Vascular conjunctival tumors are uncommon, usually benign lesions. Here, we report a 65-year-old male who presented with a nasal interpalpebral bulbar firm, oval, and dark-brown and non-mobile conjunctival mass. The systemic and ocular examinations including fundoscopy and gonioscopy were within normal limits. With a diagnosis of conjunctival malignant melanoma (CMM), the patient underwent excisional biopsy, partial sclerectomy, and cryotherapy. Microscopic examination revealed dilated vascular channels filled by red blood cells, separated by fibrous interstitium and no sign of malignancy. Therefore, a diagnosis of conjunctival cavernous hemangioma was made. Our case demonstrates that the conjunctival cavernous hemangioma can mimic malignant conjunctival lesions as well as extrascleral extension of uveal melanoma or uveal prolapse due to scleral necrosis.

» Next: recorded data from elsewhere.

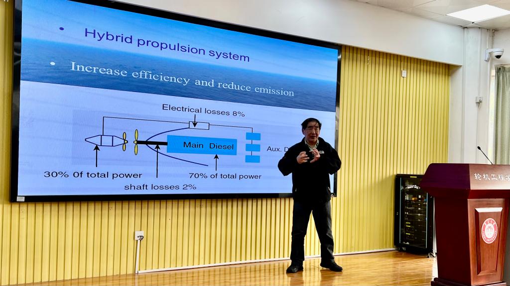 2024年1月2日下午,上海海事大学汤天浩教授应邀到我院指导工作,并做题为“双碳目标的绿色船舶发展之路与思考”的专题报告。报告由吴德烽副院长主持,学院船电教研室,电气自动化教研室等相关老师和研究生、本科生参加了专题报告会。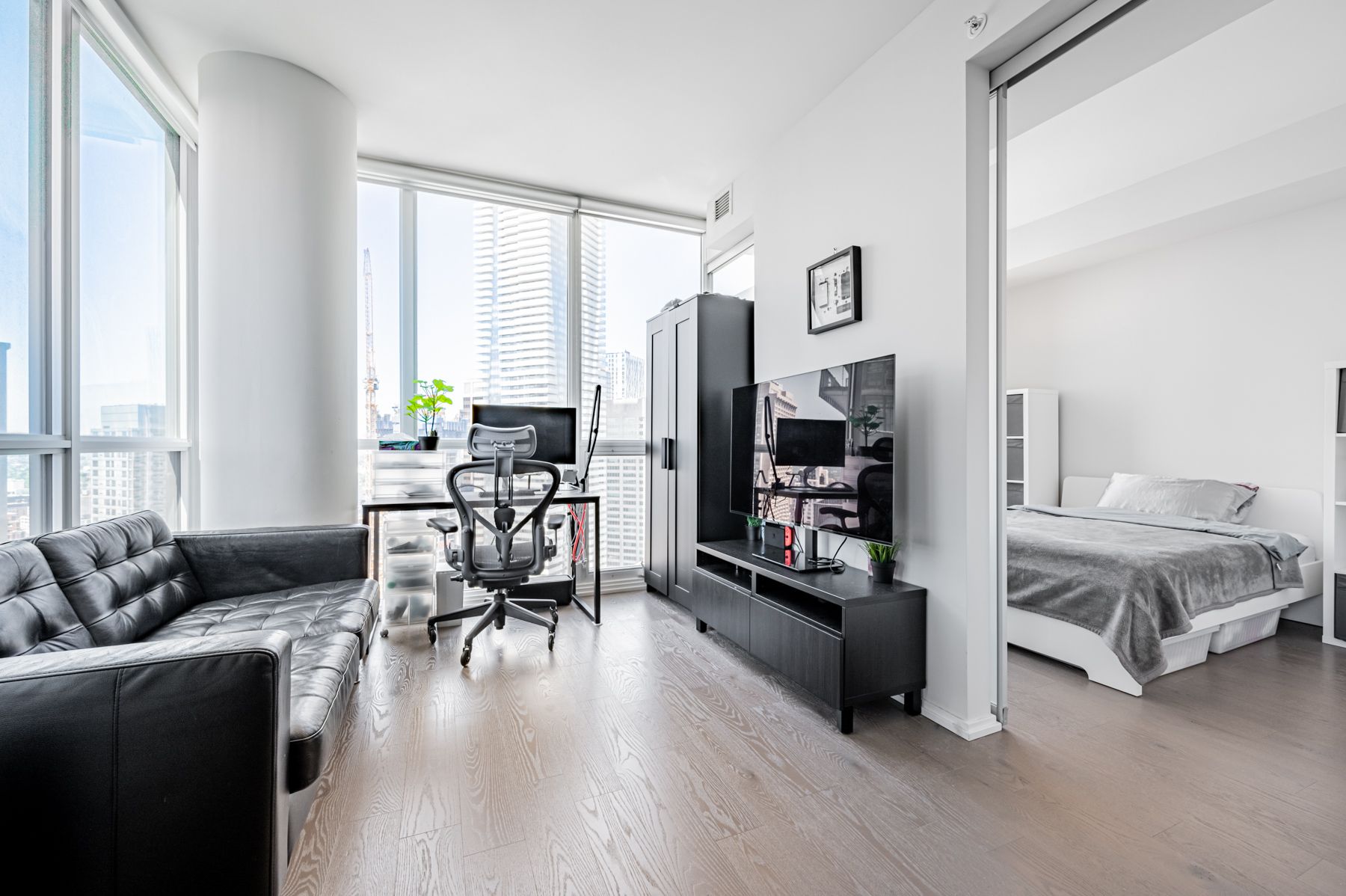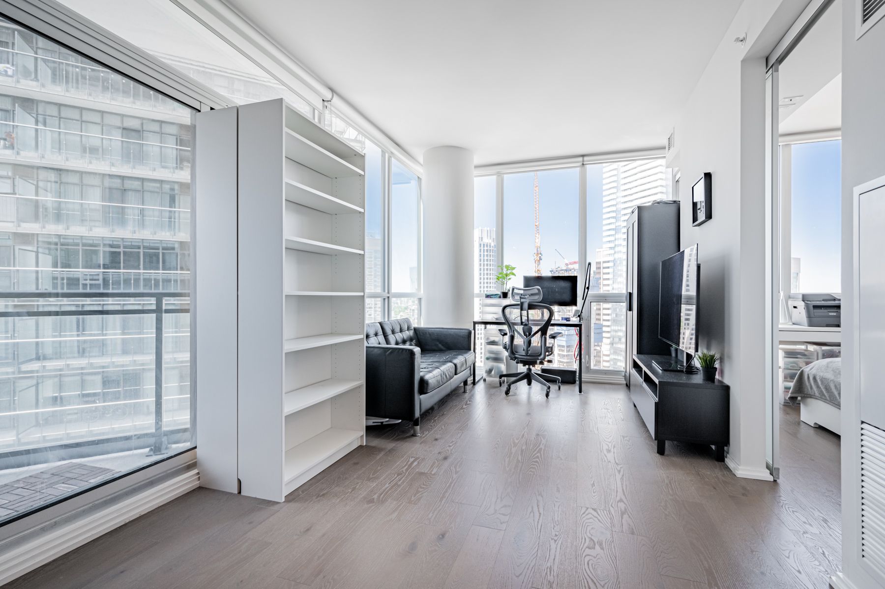 • Bright 1-bedroom suite with floor-to-ceiling windows and natural light.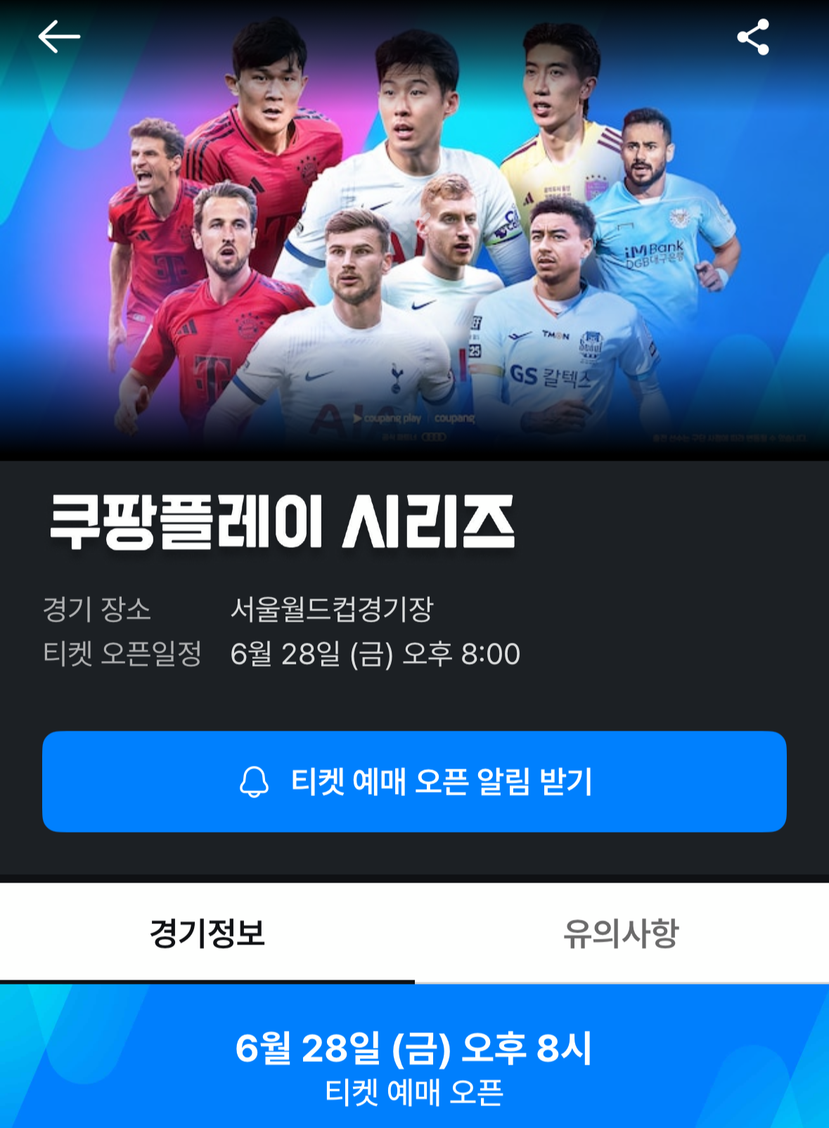 - 쿠팡플레이 앱에서 '티켓 예매 오픈 알림 받기'를 설정해두세요. 티켓팅 시간을 놓치지 않기 위해서입니다.

Conjunctival malignant melanoma (CMM), although rare, is a malignant tumor that can spread systemically throughout the body and needs immediate treatment [1]. On the other hand, vascular conjunctival tumors are uncommon, yet usually benign lesions with cavernous conjunctival tumors being extremely rare [2]. Here, we report a patient with a conjunctival dome-shaped lesion mimicking malignant melanoma that was histopathologically proven to be a benign vascular lesion. We report this case with the written informed consent of the index case, ethical approval of our research center, and adherence to Helsinki tenets.

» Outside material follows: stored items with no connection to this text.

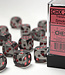 Set of twelve 16mm D6 dice. These translucent grey six-sided dice are accented with red pips. 16mm is considered the standard size for dice. Comes in a clear plastic display case. Read more..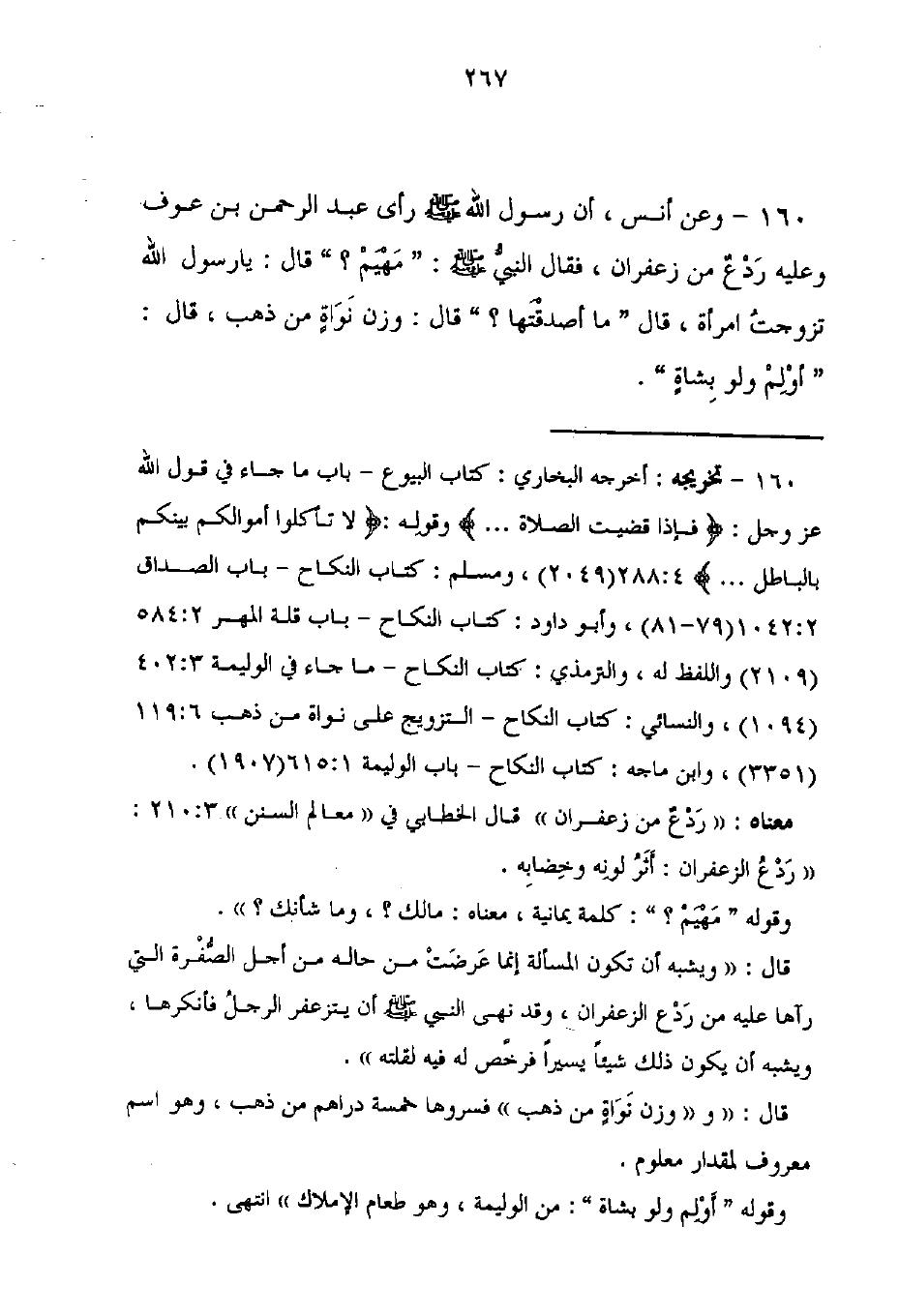 160 - وعن أنس، أن رسول الله - صلى الله عليه وسلم - رأى عبد الرحمن بن عوف وعليه رَدْعٌ من زعفران، فقال النبيُّ - صلى الله عليه وسلم -: "مَهْيَمْ" قال: يا رسول الله تزوجتُ امرأة، قال "ما أصدقْتَها؟ " قال: وزن نَوَاةٍ من ذهب، قال: "أوْلِمْ ولو بِشاةٍ".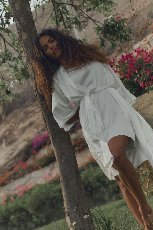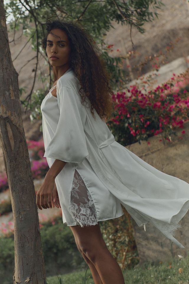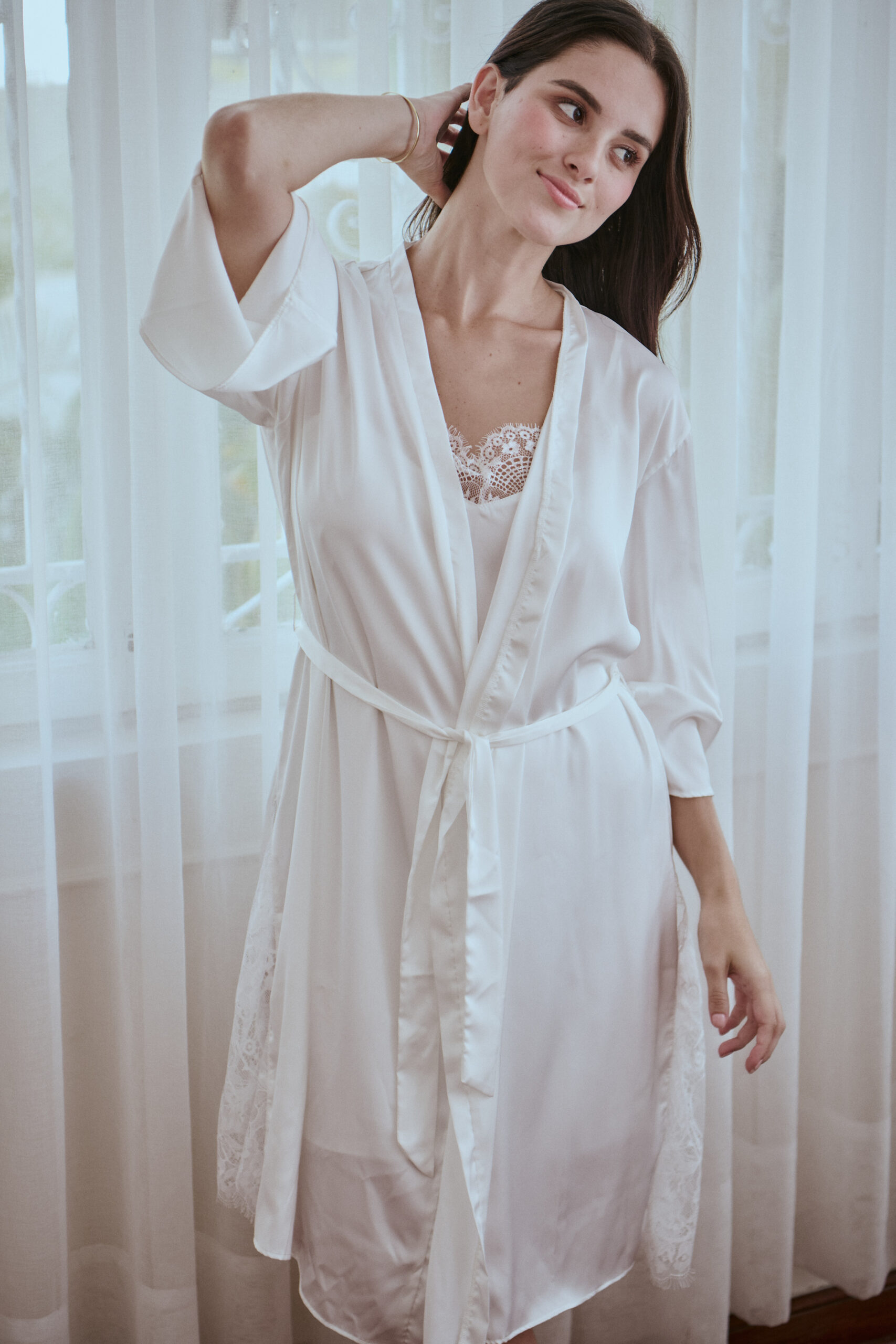 Muy emocionadas por presentarles nuestro “Bridal Silk Robe Short” elaborado cuidadosamente con los encajes más finos y la seda mas suave para que tu día empiece de manera inolvidable.

A 65-years-old male was referred to our clinic with a nasal interpalpebral bulbar conjunctival mass in the right eye. The patient complained of red-eye for three weeks with no epiphora, pain, or photophobia. On examination, both eyes had the best-corrected visual acuity of 20/20. We identified a firm, oval, dark brown, vascular, dome-shaped, non-mobile and lobulated subconjunctival mass in the right eye measuring 7 × 6 × 3.2 mm (Fig. 1). Dilated fundoscopy and gonioscopic examinations were normal, without any evidence of intraocular extension. Systemic examinations were also normal. Ultrasound biomicroscopy (UBM) showed a subconjunctival mass with intact sclera except for the temporal side where a posterior shadowing was seen suspicious for an intraocular extension. (Fig. 2) However, no clear intraocular extension was noted on orbital magnetic resonance imaging (MRI). Based on these findings a clinical diagnosis of presumed conjunctival malignant melanoma was made and the patient underwent excisional biopsy with no-touch technique and 3 mm margin, partial sclerectomy, and cryotherapy (AT). After tumor excision (Fig. 3) no intraocular extension was noted intraoperatively.

The lesion: an oval, dark brown, vascular, dome-shaped, non-mobile, and lobulated subconjunctival mass in the right eye measuring 7 × 6 × 3.2 mm (A & B)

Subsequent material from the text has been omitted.